=== Task data ===
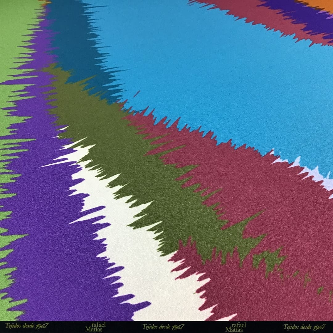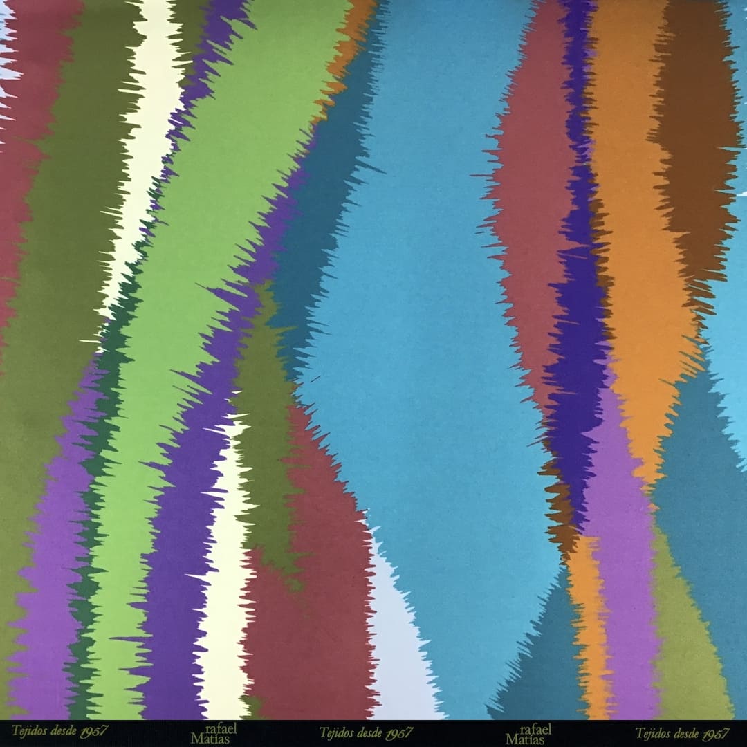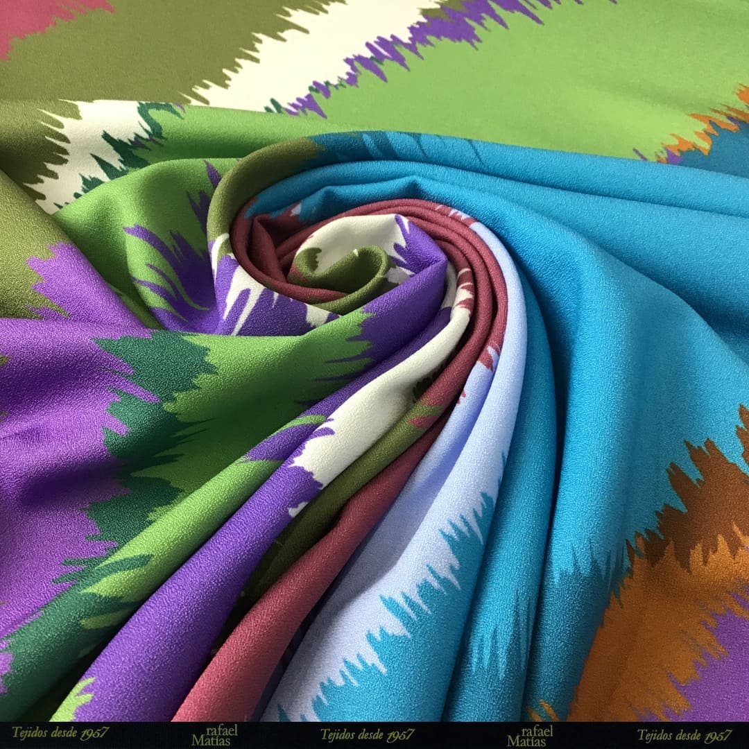 Tela Crep Sable Stretch Estampado Cintas Pavos Granas
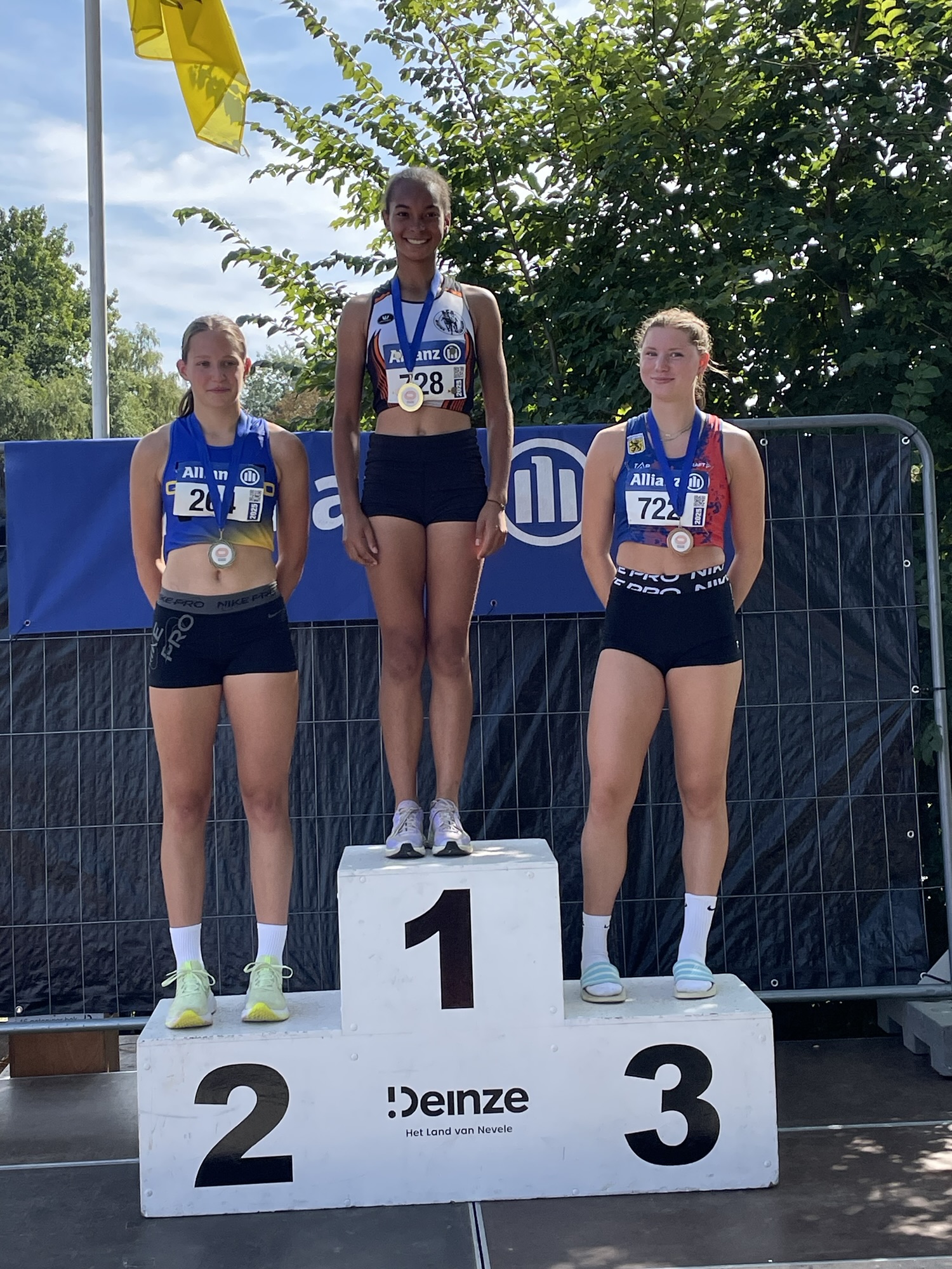 Ons overzicht beginnen we met eerstejaars cadet Esmee Magry. Esmee kende dit seizoen al heel wat blessurelast, maar wist zich telkens gemotiveerd terug te knokken. De laatste weken focuste ze als meerkampster wat meer op het kogelstoten, en dat zien we meteen in haar resultaten. Met 11m03 werd ze knap derde na een eerder moeizame wedstrijd. Ze mag supertrots zijn op dit resultaat en weet dat er nog heel wat progressie mogelijk is.
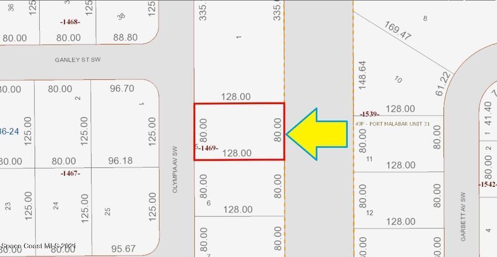 0.24 acre buildable residential lot available in Port Malabar Unit 31 of Palm Bay. Located in the southwest section, this lot has a drainage canal in the rear allowing more privacy, and is just .5 miles - 2 minutes to Bayside High School, and 1.8 miles - 5 minutes to the Publix Supermarket. From exit #176 of I-95 go west on Palm Bay Road NE for .7 miles, left on Minton Road for 3.3 miles, right on Jupiter Boulevard for .1 mile, left on DeGroodt Road for 2.5 miles, right on J.A.Bombardier Boulevard for .2 miles, and left on Olympia Avenue. The lot will be on your left.
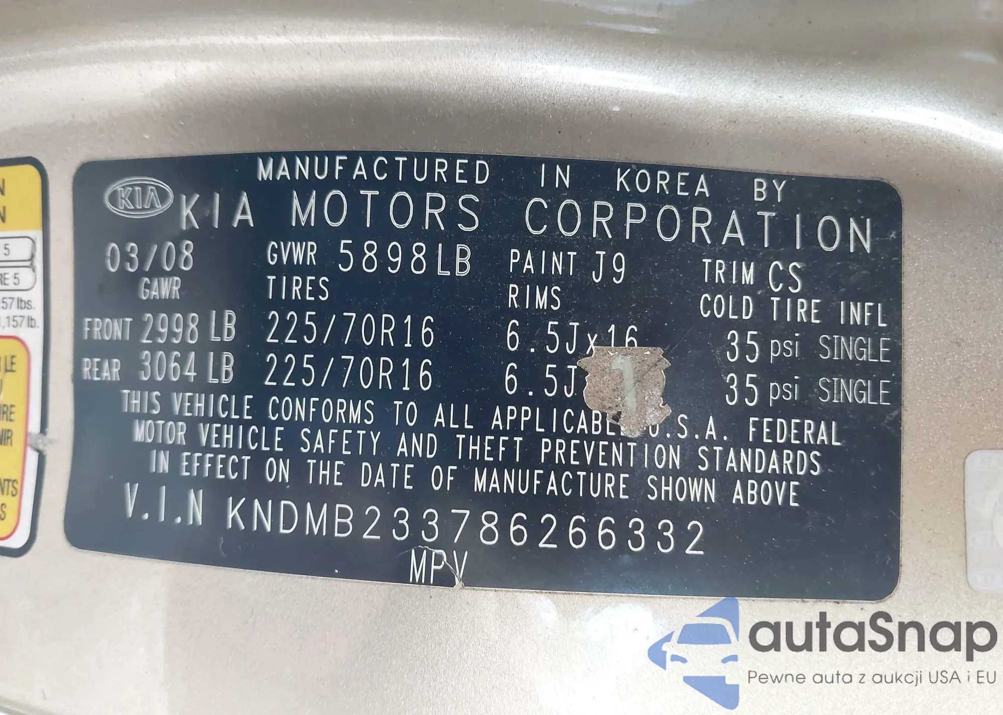 LOT: 41825292 VIN: JTDKB20U483352106
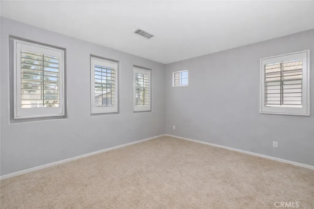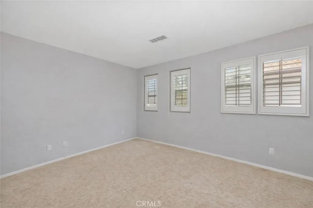 The kitchen is well-appointed with a center island, walk-in pantry, quartz countertops, designer backsplash, and French doors that open to the patio. Upstairs, the spacious primary bedroom includes a retreat area ideal for a home office or sitting space, complete with a custom built-in wall unit. The primary bathroom features a separate soaking tub, walk-in shower, and a walk-in closet. All bedrooms are finished with nearly new plush carpeting.

=== Required action ===
Transcribe exactly the lines that run from the first line of the records above through the line with "Ons overzicht beginnen", and include both of those lines; pictures stay out.

=== Exercise response ===
 Tela Crep Sable Stretch Estampado Cintas Pavos Granas
 Ons overzicht beginnen we met eerstejaars cadet Esmee Magry. Esmee kende dit seizoen al heel wat blessurelast, maar wist zich telkens gemotiveerd terug te knokken. De laatste weken focuste ze als meerkampster wat meer op het kogelstoten, en dat zien we meteen in haar resultaten. Met 11m03 werd ze knap derde na een eerder moeizame wedstrijd. Ze mag supertrots zijn op dit resultaat en weet dat er nog heel wat progressie mogelijk is.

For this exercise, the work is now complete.